Now obviously bignum doesn’t solve all our problems, but it does solve one, which is already easy to miss:
scala> 65536*65536
res0: Int = 0
Apparently 65536 is a divisor of 0. You might think it’s obvious, but then it’s not immediately obvious the following C procedure does NOT compute factorial function:
int factorial(int n) {
int res = 1;
while(n>0) { res *= n ; n--; }
return res;
}
But it takes no time to see it doesn’t and maybe a moment to realize it can’t.
void main() { int i; for(i=0; i<42; i++) printf("factorial(%d)=%d\n",i,factorial(i)); }
produces:
factorial(0)=1
factorial(1)=1
factorial(2)=2
factorial(3)=6
factorial(4)=24
factorial(5)=120
factorial(6)=720
factorial(7)=5040
factorial(8)=40320
factorial(9)=362880
factorial(10)=3628800
factorial(11)=39916800
factorial(12)=479001600
factorial(13)=1932053504
factorial(14)=1278945280
factorial(15)=2004310016
factorial(16)=2004189184
factorial(17)=-288522240
factorial(18)=-898433024
factorial(19)=109641728
factorial(20)=-2102132736
factorial(21)=-1195114496
factorial(22)=-522715136
factorial(23)=862453760
factorial(24)=-775946240
factorial(25)=2076180480
factorial(26)=-1853882368
factorial(27)=1484783616
factorial(28)=-1375731712
factorial(29)=-1241513984
factorial(30)=1409286144
factorial(31)=738197504
factorial(32)=-2147483648
factorial(33)=-2147483648
factorial(34)=0
factorial(35)=0
factorial(36)=0
factorial(37)=0
factorial(38)=0
factorial(39)=0
factorial(40)=0
factorial(41)=0
Sweet, isn’t it? And not any better with unsigned int
,
while relying on bignum instead only pushes these problems a bit
further. At first glance it’s a lot further, but still within a
reach of a good old combinatorial explosion (go on, feed
trajectory
with factorial
and some moderately
large number and enjoy the flight).
This can get pretty dangerous, for example I do believe programmers
in the aviation industry are nothing less than brilliant and careful,
stick to the “best practices” and testing and all that. Yet, look at this
(TL;DR Boeing 787 planes need to be “reset” every 200 days or so,
“because a software bug shuts down the plane’s electricity
generators every 248 days” and apparently said bug is related to
hitting the limit of what unsigned int
can represent).
Similar problems hold for practically any computable arithmetic
function (unless it’s not defined only on a small finite subset of
natural numbers). We never compute them, we have some artifacts which
clearly do something and seem to fit the definitions, but they’re
nothing like “the real thing” — they can’t be because “the real thing”

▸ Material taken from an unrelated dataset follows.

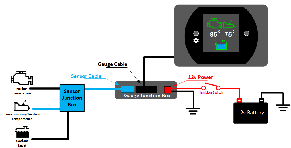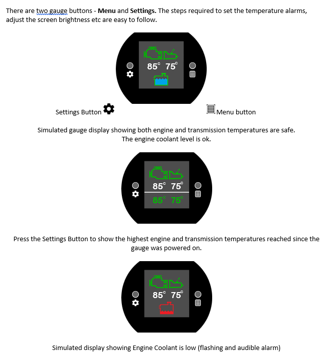The Engine and Transmission Temperature Gauge monitors and provides early warning of overheating or low coolant level with a visual and audible alarm you can set.
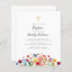 Um convite à flor selvagem moderna e ao batismo cruzado. **POR FAVOR LEIA ANTES DE COMPRAR** 1. Medidas de papelaria orçamental de 4,5" x 5,6" e dentro ajustado e envelope A6. Você pode adicionar envelopes brancos ao seu pedido. 2. Cada folha é um item - não é necessário corte. 3. O estoque de cartão padrão é branco brilhante com acabamento semirbrilhante e peso de 110 lbs adequado para papelaria. 4. A opção de papel satin é um papel de 80 lb mais fino, que é mais parecido com as páginas de revistas do que com o estoque de cartão. 5. Se você fizer alterações e o design for cortado ou não parecer direito na tela, use o Serviço de Design ao vivo para ajudá-lo a corrigi-lo. 6. Seu pedido vai diretamente para as impressoras. O que você vê na tela é o que será impresso e enviado a você. Verifique triplamente se há erros de ortografia ou informações incorretas antes de fazer seu pedido.

doesn’t even exist. It’s just a opinion, but a strong one. Even the very
large finite things can’t exist, but for this consult e.g. wiki. I recall
there was a neat anecdote about Esenin-Volpin in some early chapters of
“Naming Infinity: A True Story of Religious Mysticism and
Mathematical Creativity” by Loren Graham and Jean-Michel Kantor
(Harvard University Press, 2009) but I had the book borrowed, so I can’t
reproduce it faithfully enough now, and I drifted away into digression,
didn’t I? My point is that despite the above factorial
procedure/program lends itself (trivially) to proof by induction that it
does “capture the factorial function”, quite obviously it
doesn’t “capture the factorial function”, since any physical
storage is nothing like the set of natural numbers… Inductive
proofs about computer programs inside a physical computer are
never correct! There is only certain correspondence between
initial segment of the induction/recursion and the program’s behaviour
(perhaps, maybe).
This makes formal methods in program verification a little less attractive than they seemed, doesn’t it? You can e.g. establish semantic equivalence of two algorithms, implement them on a digital computer, and have two semantically different programs. I did. This happens. Sorry.
In this way too long rant I tried to make three points:
Being pedantic about the language used (like
numerals
instead of numbers
) can save your
plane from requiring to be turned off and on again.
But even then you’ll have to reset your hardware from time to time (think of a processor as a discrete dynamical system, we just lose track of its trajectory when it passes certain threshold). Neither TDD nor formal methods will save you. I don’t mean one shouldn’t utilise them — quite the contrary, testing is good and proofs are even better. But they are not magic powder which removes uncertainty. Accept failures and prepare plan B “just in case”.
No such thing as numbers or arithmetic functions exist, but also nothing else exists, yet we can have lots of fun with all these things, and it’s more important to have fun than ontological positions.
Although I really meant only this: next time you ask me “So, does it work now?” don’t be puzzled I reply “We may never know” — I do mean it!
Last rev. 2023/10/13